▶ **Problem requirements**: Could you reproduce, word for word, everything below from the line containing "从最高气温看,全国大部地区气" down to the line containing "This image shows", with both of those lines included and no others?

▶ **Extracted entries**:
-----

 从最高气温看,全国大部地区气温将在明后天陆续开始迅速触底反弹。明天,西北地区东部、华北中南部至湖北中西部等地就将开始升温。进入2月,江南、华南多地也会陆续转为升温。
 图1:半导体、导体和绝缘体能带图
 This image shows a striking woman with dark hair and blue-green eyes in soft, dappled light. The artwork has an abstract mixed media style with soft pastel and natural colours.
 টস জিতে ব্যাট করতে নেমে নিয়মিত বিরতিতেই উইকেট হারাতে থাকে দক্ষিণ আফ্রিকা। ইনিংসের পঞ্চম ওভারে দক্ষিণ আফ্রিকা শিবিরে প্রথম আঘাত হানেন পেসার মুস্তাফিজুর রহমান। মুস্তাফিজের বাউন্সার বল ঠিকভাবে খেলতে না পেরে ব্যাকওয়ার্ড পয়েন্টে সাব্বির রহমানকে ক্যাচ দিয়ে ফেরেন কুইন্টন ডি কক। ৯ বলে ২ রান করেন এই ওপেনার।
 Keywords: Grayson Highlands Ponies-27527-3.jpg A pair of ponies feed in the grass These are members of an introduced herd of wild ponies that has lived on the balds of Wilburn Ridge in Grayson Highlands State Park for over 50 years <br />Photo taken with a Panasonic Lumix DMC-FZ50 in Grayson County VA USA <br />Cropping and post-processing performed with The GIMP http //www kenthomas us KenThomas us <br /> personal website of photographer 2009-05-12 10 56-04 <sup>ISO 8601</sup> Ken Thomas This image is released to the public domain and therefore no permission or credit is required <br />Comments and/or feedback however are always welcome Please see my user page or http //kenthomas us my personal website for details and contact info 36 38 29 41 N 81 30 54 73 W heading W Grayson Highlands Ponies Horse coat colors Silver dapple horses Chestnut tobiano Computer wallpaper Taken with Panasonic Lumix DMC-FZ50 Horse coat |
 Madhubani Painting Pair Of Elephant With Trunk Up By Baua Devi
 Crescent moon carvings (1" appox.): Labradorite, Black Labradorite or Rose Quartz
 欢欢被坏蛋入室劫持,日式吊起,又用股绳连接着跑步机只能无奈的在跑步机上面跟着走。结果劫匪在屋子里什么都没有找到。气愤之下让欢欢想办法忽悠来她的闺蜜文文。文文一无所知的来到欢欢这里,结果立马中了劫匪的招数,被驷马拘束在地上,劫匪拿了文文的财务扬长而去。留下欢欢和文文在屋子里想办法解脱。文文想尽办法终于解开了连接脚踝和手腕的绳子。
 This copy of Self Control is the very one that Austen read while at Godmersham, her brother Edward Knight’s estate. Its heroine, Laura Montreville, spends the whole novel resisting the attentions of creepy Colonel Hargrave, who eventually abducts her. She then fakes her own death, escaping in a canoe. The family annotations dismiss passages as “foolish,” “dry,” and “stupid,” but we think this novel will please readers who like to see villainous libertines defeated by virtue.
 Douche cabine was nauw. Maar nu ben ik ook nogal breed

-----

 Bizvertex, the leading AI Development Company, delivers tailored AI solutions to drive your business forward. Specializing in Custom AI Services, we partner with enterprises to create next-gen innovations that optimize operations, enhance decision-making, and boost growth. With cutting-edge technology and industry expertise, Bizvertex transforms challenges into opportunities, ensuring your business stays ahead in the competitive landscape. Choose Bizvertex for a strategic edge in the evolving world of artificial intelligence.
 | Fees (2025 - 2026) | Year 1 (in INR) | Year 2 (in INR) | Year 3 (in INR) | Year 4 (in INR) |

-----

▶ **Result**:
 从最高气温看,全国大部地区气温将在明后天陆续开始迅速触底反弹。明天,西北地区东部、华北中南部至湖北中西部等地就将开始升温。进入2月,江南、华南多地也会陆续转为升温。
 图1:半导体、导体和绝缘体能带图
 This image shows a striking woman with dark hair and blue-green eyes in soft, dappled light. The artwork has an abstract mixed media style with soft pastel and natural colours.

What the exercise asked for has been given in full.